Video: Heat Stroke in Babies – Causes, Signs & How to Treat Them
What Is Heat Stroke?
A human body has a regulated internal temperature, this keeps the blood flowing, organs healthy, and helps keep you fit. Your baby’s body is still growing, but it still has an automated system to keep the temperature in check and a system for cooling down. When this system is compromised, your baby is at risk of an unregulated rise in body temperature. This can be extremely dangerous and potentially fatal. When your baby’s body begins to overheat beyond control and doesn’t cool down, it is known as a heat stroke.
Causes of Heat Stroke in Infants
A key aspect of fighting a heat stroke is to understand its causes. Here are a few of them:
- Extremely high external temperature
- Stuffy or suffocating clothing
- Lack of oxygen in hot environments.
It is recommended that you consult a doctor if your baby happens to have a heat stroke or if you want to learn more about heat strokes in babies. Nonetheless, prior knowledge will help you gain better clarity on the condition. Read on for some signs and symptoms that can help you identify a heat stroke and seek prompt medical attention.
Signs and Symptoms of Heat Stroke
Beyond understanding the causes of a heat stroke, it is also extremely important to understand how to identify if your baby is having a heat stroke. Here are some of the symptoms of baby overheating:
- A fever that is above 103 degrees Fahrenheit in which your baby does not sweat is one of the signs of a heat stroke. In Celsius, this temperature would be above 39 degrees.
- If your baby is extremely tired or fatigued for long periods of time in the summer months or after spending time in a hot room, she could be having a heatstroke.
- If you suspect your child of having a heat stroke, ensure you check her pulse for one minute. If it is rapid, it could be a sign of a heat stroke.
- It could a heat stroke if your child has skin that is burning hot and is red and dry.

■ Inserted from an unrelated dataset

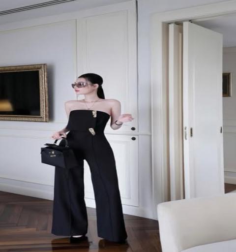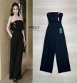 จั้มสูทเกาะอกสีดำ ดีไซน์ท่อนบนตัดแบบโอเวอร์เลย์ซ้อนชั้นเพิ่มมิติ

- Dizziness or disorientation are signs of a heat stroke, especially in hotter temperatures.
It is important to understand that other symptoms could manifest in the form of headaches, restlessness, vomiting or loss of consciousness. If these symptoms are relevant to your baby, please see a doctor immediately.
Treatment for Heat Exhaustion
It is highly recommended that you call an ambulance and have your baby checked at the nearest hospital in case of a serious heatstroke. Here are a few things you can do for minor heat strokes:
- Dress your baby in loose clothing.
- Have your child lay under a fan or indoors in a room with air conditioning.
- Pat down your baby’s forehead and shoulders with a cold, wet cloth.
- Put the baby in an ice bath.
For further information regarding treating minor heat strokes, contact your primary care physician.
Prevention of Heat Stroke in Babies
It can be extremely difficult to predict heat exhaustion in babies. Here are a few ways to avoid them:
- Dress your baby in loose clothing.
- Keep the child indoors if it is especially hot outside.
- Keep the child hydrated.
- Ensure you expose your child to warmer or hotter weather gradually.
- Limit the time your baby spends outdoors during the peak of the afternoons.
- Sit with your child in a room with fans and air conditioning.
- Avoid spicy foods during the hotter periods of the year.
Heat strokes can be extremely dangerous if precautions aren’t taken. Talk to your doctor about the steps you need to take to avoid a heat stroke in your baby. Remember, prevention is the best cure.